Теперь Мария Ивановна и Станислав Осипович наведывались к Зорьке по очереди. Однажды Коваленко вошёл ночью в хлев и увидел телёнка. Он стоял, покачиваясь на слабеньких ножках, а Зорька лизала его и косилась на Коваленко. Станислав Осипович впервые видел новорождённого телёнка. Он не знал, что с ним делать, и побежал будить хозяйку.

— Тёлочка! — обрадовалась Мария Ивановна. Она обтёрла тёлочку сеном и уложила на разостланный половик. На этом половике, как на носилках, тёлочку принесли в дом.

Утром на завтрак было запечённое в русской печи молозиво — первое молоко, жёлтое и густое, похожее на омлет.

— Вкусно! — покачивала головой Оксана Семёновна. — Я даже не знала, что это такое. У нас никогда не было коровы…

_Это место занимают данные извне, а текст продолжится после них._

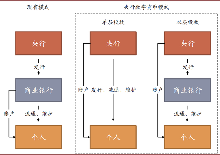 图表: 现行货币模式与单、双层架构的央行数字货币模式对比
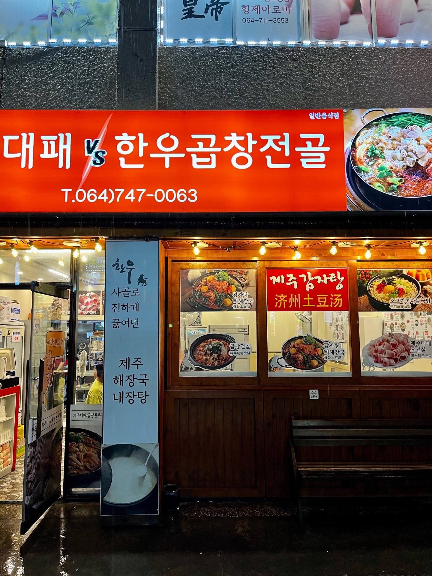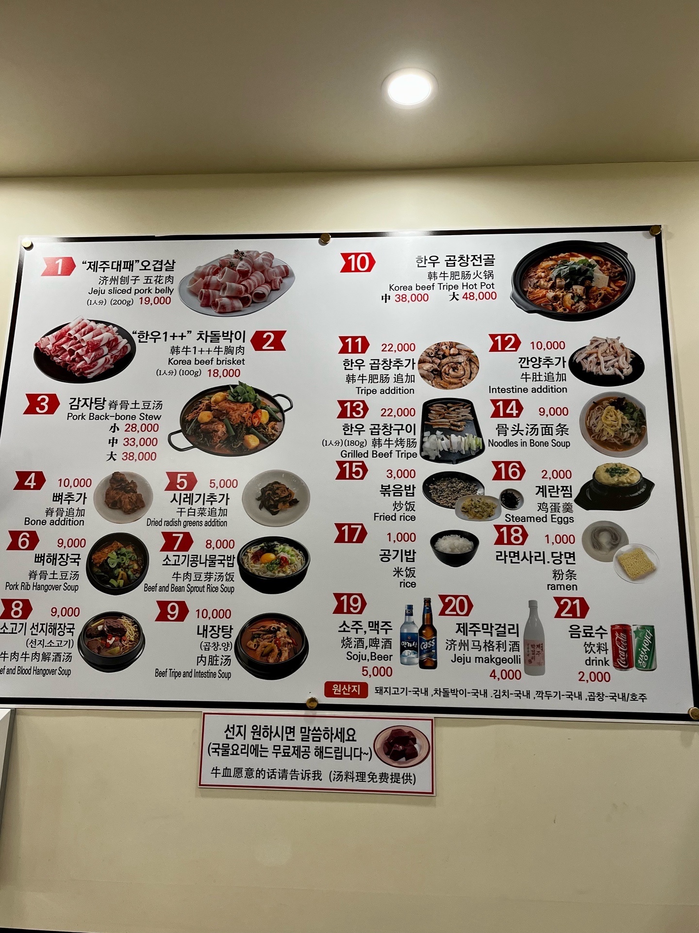 也不记得店名,因为夜里下雨出了酒店随便进的,在济州岛阳光酒店附近50米?对面是CU便利店。这家店服务体验感第一棒!老爷爷不会说中文,但全程笑眯眯的,很和善!墙上有中韩互译版菜单。

На кухне в углу топталась, постукивала копытцами тёлочка. Она обсохла, стала рыженькой. На лбу под курчавой чёлочкой у неё белела круглая отметина.

— Ах ты, долгожданная! — хлопотала возле неё Мария Ивановна. Она учила тёлочку пить молоко: окунала в него палец и давала сосать, а потом незаметно убирала его, и тёлочка сама тянула парное молоко. — Ну, как мы тебя назовём?

— Звёздочка! — выпалил Митёк. — У неё на лбу звёздочка.

— Раз долгожданная, значит — Жданка! — предложила Паня.

— Вот умница! — похвалила её Мария Ивановна. — Хорошее имечко!

И обиженный Митёк, надувшись, ушёл на улицу. Опять эта девчонка обскакала его! Мама теперь частенько ставила Митьку в пример Паню: «Смотри, как она аккуратно ест!» Или: «Вот, погляди, какие у Пани ноги сухие, а ты опять вывозился!»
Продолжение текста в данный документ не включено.